Edit:  I forgot to say it is also the home of the Dallas Cowboys!!  :heart:


----------



## ShutteredEye (Aug 9, 2005)

JonMikal said:
			
		

> asdv



LMAO, 

where's that picture of you topless again?


----------



## Artemis (Aug 9, 2005)

Besides from the lates pic...I wanna move to texas now....super friendly yah say? fall for me yah say? Im sold...specially if they dress that way!


----------



## LittleMan (Aug 9, 2005)

Artemis said:
			
		

> Besides from the lates pic...I wanna move to texas now....super friendly yah say? fall for me yah say? Im sold...specially if they dress that way!

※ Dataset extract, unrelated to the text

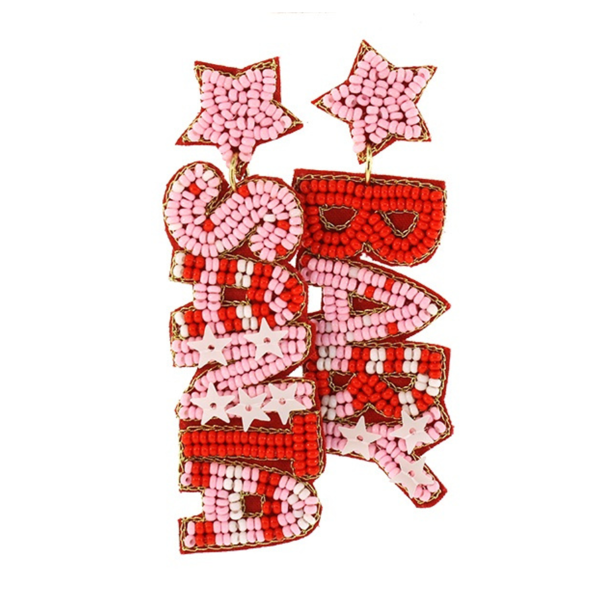Christmas Santa Baby Pink Beaded Drop Earrings

haha, they are wearing a lot if that's what you mean... just walk around Downtown San Antonio in the heat of the summer.... 
Calliope reminded me... The BBQ is the greatest!!! 
You, having a cute accent... that will definately get the girls. :thumbup:  I'll hang out w/ you. :mrgreen:


----------



## LittleMan (Aug 9, 2005)

JonMikal... stop criticising _everyone's_ photos... 

  That was a good catch though!
I didn't even notice it until I looked at the picture again... :blushing: even w/ the words... :blushing:


j/k :lmao:


----------



## Xmetal (Aug 9, 2005)

For some reason this thread is making me want to move to the US and live in Texas...
I think Littleman has won me over, plus i've heard that Americans love a good Aussie accent. 

Edit: I reckon i'd have a hard time choosing between San Antonio and Dallas though.


----------



## Artemis (Aug 9, 2005)

Xmetal said:
			
		

> For some reason this thread is making me want to move to the US and live in Texas...
> I think Littleman has won me over, plus i've heard that Americans love a good Aussie accent.
> 
> Edit: I reckon i'd have a hard time choosing between San Antonio and Dallas though.



TAKE ME!

TAKE ME!

TAKE ME!

TAKE ME!

TAKE ME!

TAKE ME!

TAKE ME!

TAKE ME!

TAKE ME!

TAKE ME!

TAKE ME!

TAKE ME!

TAKE ME!

TAKE ME!


----------



## LittleMan (Aug 9, 2005)

Dude, Americans go crazy over a good Aussie Accent. 
We all fantasize about moving to NewZealand though... hahaha :greenpbl:

Dallas is really nice... but I prefer a smaller city like Bulverde(where I live now)


----------



## ShutteredEye (Aug 9, 2005)

LittleMan said:
			
		

> Dude, Americans go crazy over a good Aussie Accent.
> We all fantasize about moving to NewZealand though... hahaha :greenpbl:
> 
> Dallas is really nice... but I prefer a smaller city like Bulverde(where I live now)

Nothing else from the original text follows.